## Information supplied
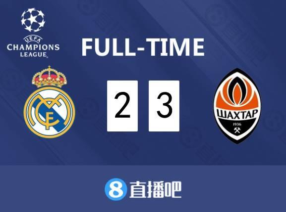 全场比赛结束,皇家马德里2-3顿涅茨克矿工。
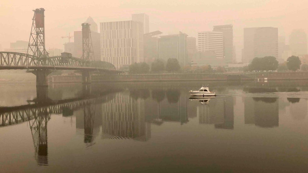 A view of downtown Portland from the East Bank Esplanade is seen on Monday, Sept. 14, 2020.Officials advised residents to stay inside with the windows and doors closed.
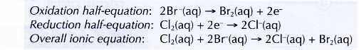 (a) chlorine displaces bromine from potassium bromide solution. Chlorine acts as the oxidising agent, whereas bromide ions act as the reducing agent.
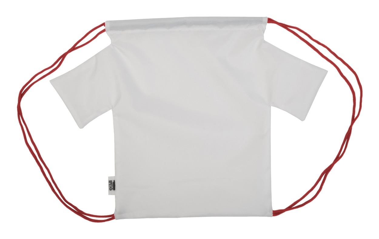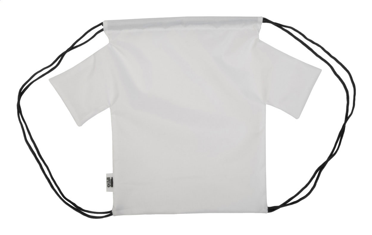 | Rucsac personalizat, cu șnur, în formă de tricou, din poliester RPET 190T. Cu grafică imprimată prin sublimare și etichetă RPET distinctivă. MOQ: 25 buc.

## Required action
For this exercise, retype the listing above word for word and omit the pictures.

## Output of the task
 全场比赛结束,皇家马德里2-3顿涅茨克矿工。
 A view of downtown Portland from the East Bank Esplanade is seen on Monday, Sept. 14, 2020.Officials advised residents to stay inside with the windows and doors closed.
 (a) chlorine displaces bromine from potassium bromide solution. Chlorine acts as the oxidising agent, whereas bromide ions act as the reducing agent.
 | Rucsac personalizat, cu șnur, în formă de tricou, din poliester RPET 190T. Cu grafică imprimată prin sublimare și etichetă RPET distinctivă. MOQ: 25 buc.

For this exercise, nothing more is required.